RECORDS SUPPLIED START

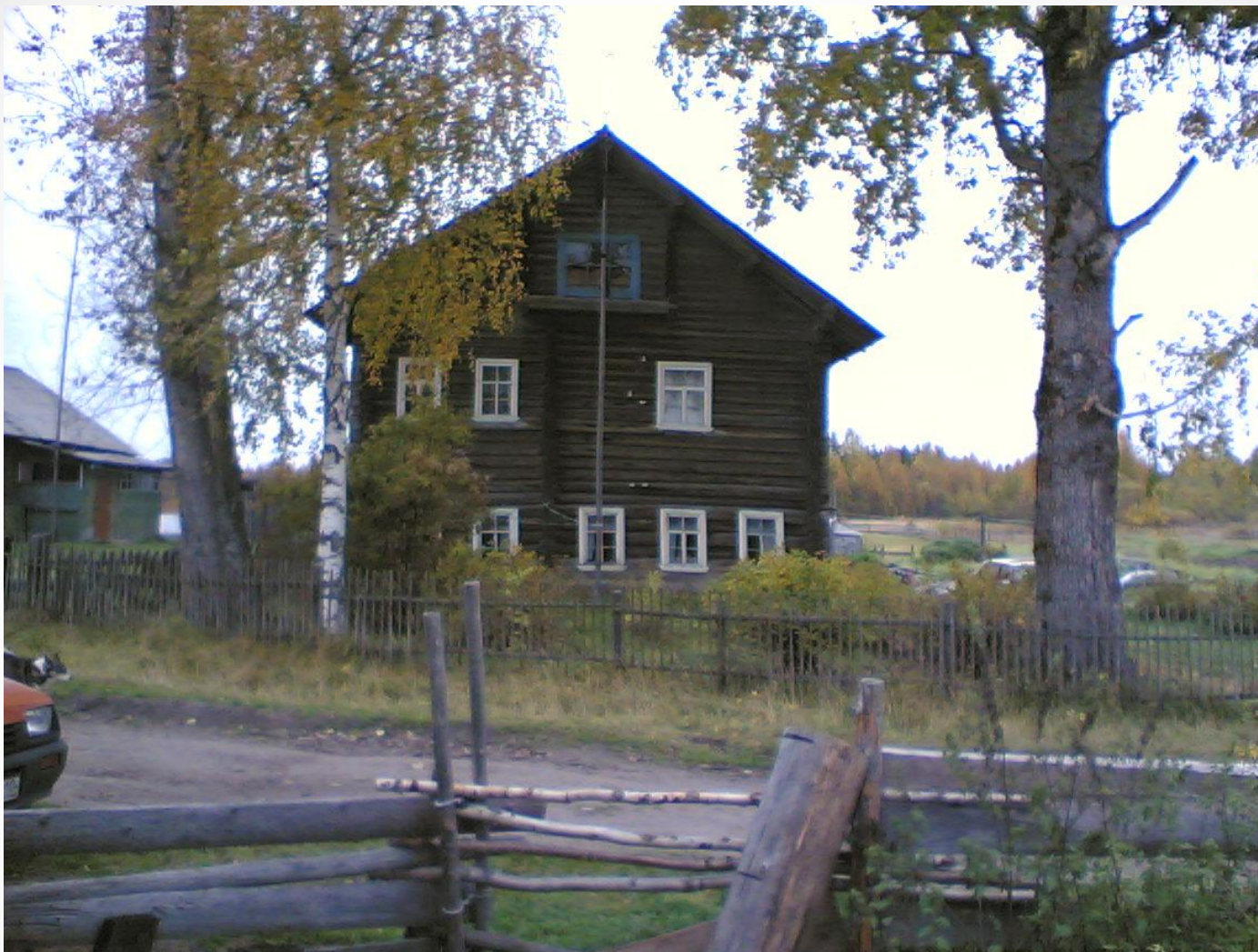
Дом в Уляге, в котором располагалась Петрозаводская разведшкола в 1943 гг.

RECORDS SUPPLIED END
RECORDS SUPPLIED START

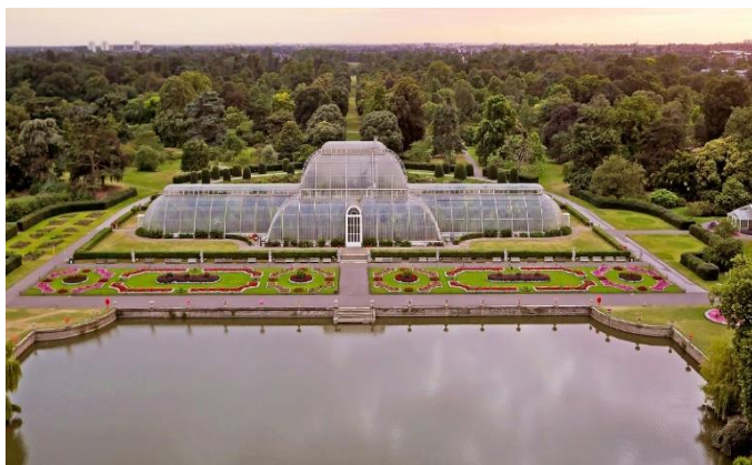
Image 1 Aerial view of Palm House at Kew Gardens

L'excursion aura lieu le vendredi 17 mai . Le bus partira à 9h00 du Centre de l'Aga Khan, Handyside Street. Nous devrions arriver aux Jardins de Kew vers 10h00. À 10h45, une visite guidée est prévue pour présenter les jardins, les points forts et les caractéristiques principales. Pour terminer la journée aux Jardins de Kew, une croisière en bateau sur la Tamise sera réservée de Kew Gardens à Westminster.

RECORDS SUPPLIED END

Lines in the listing above that contain the word "Gardens" must be copied; leave out the rest.

Image 1 Aerial view of Palm House at Kew Gardens
L'excursion aura lieu le vendredi 17 mai . Le bus partira à 9h00 du Centre de l'Aga Khan, Handyside Street. Nous devrions arriver aux Jardins de Kew vers 10h00. À 10h45, une visite guidée est prévue pour présenter les jardins, les points forts et les caractéristiques principales. Pour terminer la journée aux Jardins de Kew, une croisière en bateau sur la Tamise sera réservée de Kew Gardens à Westminster.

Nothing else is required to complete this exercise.